Search code examples
bashwc

Fastest way to count just the first X lines of output


I have a large terminal output from a tshark filter and I want to check if the number of lines (number of pakages in this example) reaches a threshold of X.

The operation is done in a loop of many big files so I want to boost performance to the max here.

What I think to know is that wc -lis the fastest way to count output from a terminal command.

My line looks like this: (So tshark command does not matter here so I replaced it for readability)

THRESHOLD=100
[[ $(tshark -r $file -Y "tcp.stream==${streamID}" | wc -l) -gt $THRESHOLD ]] || echo "not enough"

While this works nearly fine I wonder if there is a way to stop after the threshold. The exact number does not matter as long as it reaches (or reaches not) the threshold.

A guess would be:

HEAD=$((THRESHOLD+1))
[[ $(tshark -r $file -Y "tcp.stream==${streamID}" | head -n $HEAD | wc -l) -gt $THRESHOLD ]] || echo "not enough"

But piping to an additional service and incrementing the threshold could be slower, isn't it?

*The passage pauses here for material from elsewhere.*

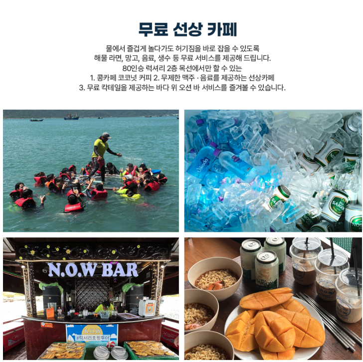제가 사진 찍는 솜씨가 좀 서툴러서, 제 사진들만으로는 이 투어의 멋진 모습을 충분히 전달하기 어려울 것 같아요. 그래서 베트남 나트랑 도깨비 럭셔리 호핑투어에 대해 더 자세히 알려드리기 위해, 제가 찾아본 몇몇 사진들을 여러분과 공유하려고 합니다. 여행을 계획하시는 분들께 이 정보가 작은 도움이라도 되었으면 좋겠어요. 이 호핑투어는 정말 잊지 못할 경험이 될 거예요. 여러분의 여행이 이 투어로 인해 더욱 특별해지길 바라요.

EDIT: Changing the example code to a working tshark snippet


Solution

  • Benchmark

    Only one way to find out: Benchmark it yourself. Here are some implementations that come to mind.

    gen() { seq "$max"; }
    # functions returning 0 (success) iff `gen` prints less than `$thold` lines
    a() { [ "$(gen | head -n"$thold" | wc -l)" != "$thold" ]; }
    b() { [ -z "$(gen | tail -n+"$thold" | head -c1)" ]; }
    c() { [ "$(gen | grep -cm"$thold" ^)" != "$thold" ]; }
    d() { [ "$(gen | grep -Fcm"$thold" '')" != "$thold" ]; }
    e() { gen | awk "NR >= $thold{exit 1}"; }
    f() { gen | awk -F^ "NR >= $thold{exit 1}"; }
    g() { gen | sed -n "$thold"q1; }
    h() { mapfile -n1 -s"$thold" < <(gen); [ -z "$MAPFILE" ]; }
    
    max=1''000''000''000
    for fn in {a..h}; do
      printf '%s: ' "$fn"
      for ((thold=1''000''000; thold<=max; thold*=10)); do
        printf '%.0e=%2.1fs, ' "$thold" "$({ time -p "$fn"; } 2>&1 | grep -Eom1 '[0-9.]+')"
      done
      echo
    done
    

    In the script from above gen is a placeholder for your actual command tsharks output lines. The functions a to g test whether tsharks' output has at least $thold lines. You can use them like

    a && echo "tsharks printed less than $thold lines"
    

    Results

    These are the results on my system:

    a: 1e+06=0.0s, 1e+07=0.1s, 1e+08=0.8s, 1e+09=8.9s,
    b: 1e+06=0.0s, 1e+07=0.1s, 1e+08=0.9s, 1e+09=8.4s,
    c: 1e+06=0.0s, 1e+07=0.2s, 1e+08=1.6s, 1e+09=16.1s,
    d: 1e+06=0.0s, 1e+07=0.2s, 1e+08=1.6s, 1e+09=15.7s,
    e: 1e+06=0.1s, 1e+07=0.8s, 1e+08=8.2s, 1e+09=83.2s,
    f: 1e+06=0.1s, 1e+07=0.8s, 1e+08=8.2s, 1e+09=84.6s,
    g: 1e+06=0.0s, 1e+07=0.3s, 1e+08=3.0s, 1e+09=31.6s,
    h: 1e+06=7.7s, 1e+07=90.0s, ... (manually aborted)
    

    b: ... 1e+08=0.9s ... means that approach b took 0.9 seconds to find out that the output of seq 1000000000 had at least 1e+08 (= 100'000'000) lines.

    Conclusion

    From the approaches presented in this answer b is clearly the fastest. However, the actual results might differ from system to system (there are different implementations and versions for head, grep, ...) and for your atual use-case. I reccommend to benchmark with your actual data (that is, replace the seq in gen() with your tsharks output lines and set thold to any actually used values).

    If you need an even faster approach you can experiment more with stdbuf and LC_ALL=C.